Porque he venido desde Constantinopla sólo para complacer a estos esclavos.
ROBÍN. —-¿Desde Constantinopla? Gran viaje es ese. ¿Queréis seis peniques para pagar vuestra cena y marcharos?
MEFISTÓFELES. —-Por vuestra presunción, villanos, os transformaré a uno en mono y a otro en perro. Vamos.
(Sale.)
ROBÍN. —-¡En un mono! Bien está eso. Me divertiré mucho con los rapaces y me darán manzanas y nueces.

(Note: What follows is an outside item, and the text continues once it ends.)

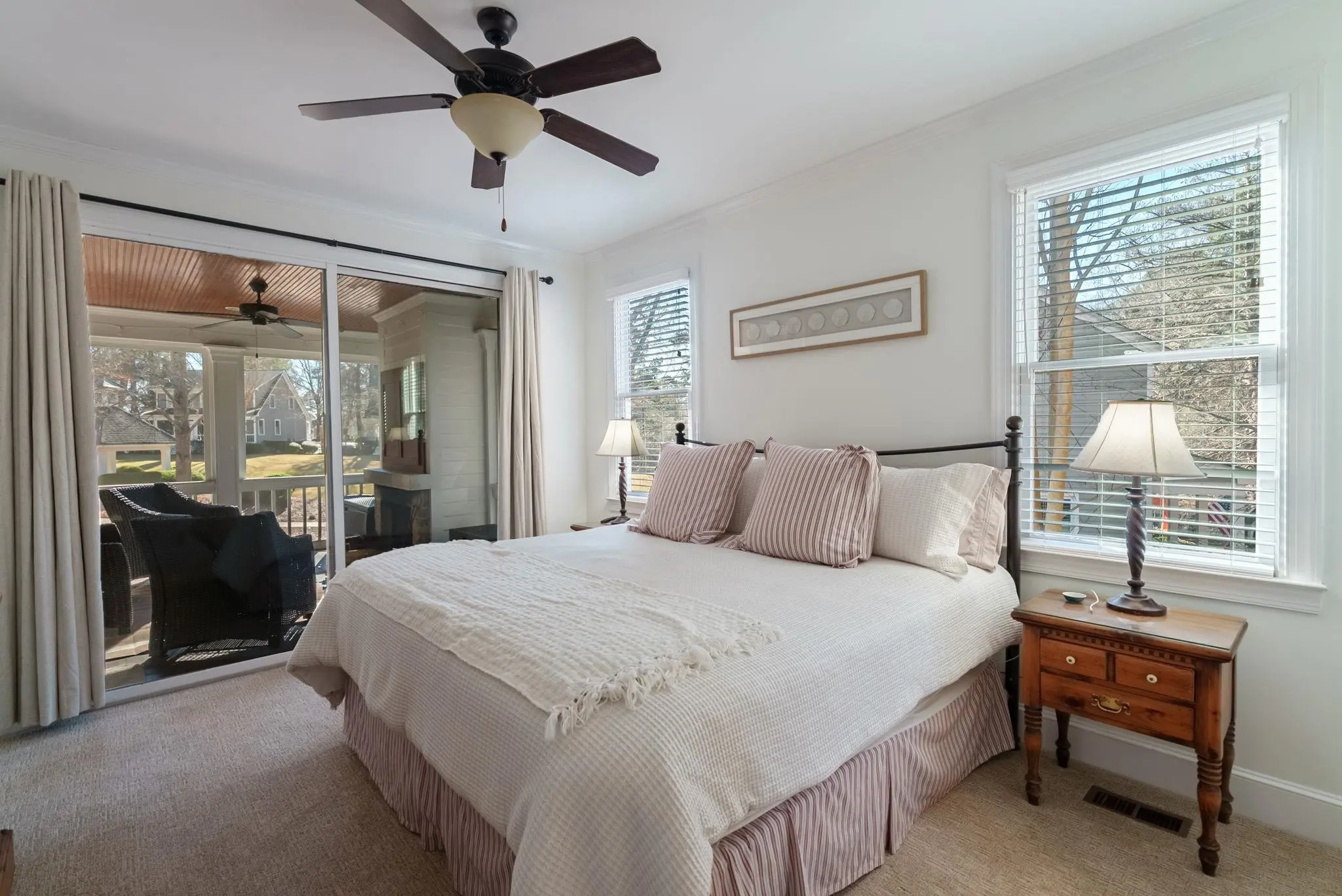 Welcome to this beautifully appointed Reynolds Premier Cottage located in the desirable Marina Cove Village. This inviting home offers 3 bedrooms and 2½ baths, with a primary suite conveniently located on the main level. Enjoy relaxed Southern living from the rocking-chair front porch, or step out back for direct access to a shaded community park. The marina is just a short walk away, along with 21 miles of scenic walking paths right outside your front door. A community dock provides easy access for boating and lake enjoyment. Inside, the main living space features an open floor plan, highlighted by a vaulted great room ceiling and cozy fireplace, perfect for entertaining or unwinding. The home boasts renovated bathrooms and new carpeting, offering a fresh, move-in-ready feel. Outdoor living is elevated with a screened porch complete with an outdoor fireplace, TV, and dining area, creating the ideal setting for year-round enjoyment. This cottage blends comfort, elegance, and an active lake lifestyle in one exceptional offering. Golf Membership Available.

RALPH. —-Y yo tendré que ser perro.
ROBÍN. —-Pues te pasarás la vida con la cabeza en la escudilla del potaje.
(Salen.)
ACTO IV
PRÓLOGO
Entra el CORO
Cuando Fausto a su guisa hubo visto las más raras cosas y las egregias cortes de los reyes, suspendió sus andanzas y volvió a su tierra, donde su ausencia preocupaba mucho a sus amigos e íntimos compañeros. Los cuales celebraron su feliz regreso con buenas palabras y en su discurso sobre lo que le había ocurrido durante su viaje a través del mundo y el aire, le formularon preguntas de astronomía a las que Fausto respondió con tan docta pericia que todos admiraron y se maravillaron de su talento. Su fama difundióse por toda la tierra, e incluso llegó a oídos del emperador Carlos Quinto, en cuyo palacio, a la sazón, está siendo festejado Fausto por él y sus nobles. Y lo que hizo, en prueba de su arte, no lo diremos, que vuestros ojos lo verán ejecutar.
(Mutis.)
ESCENA PRIMERA
Palacio del Emperador. Entran el EMPERADOR, FAUSTO
y un CABALLERO con criados
EMPERADOR. — Maestro doctor Fausto, he oído singulares noticias de tu conocimiento del Arte Negra, y dicen que ninguno de mi imperio ni de todo el mundo pueden compararse contigo en tus raros efectos de magia. Aseguran que tienes un espíritu familiar que te permite cumplir lo que quieres. Por lo tanto te pido que me hagas ver alguna prueba de tu destreza, para que mis ojos puedan confirmar lo que ha llegado a mis oídos; y aun te juro, por el honor de mi imperial corona, que hagas lo que hagas en nada te perjudicaré ni dañaré.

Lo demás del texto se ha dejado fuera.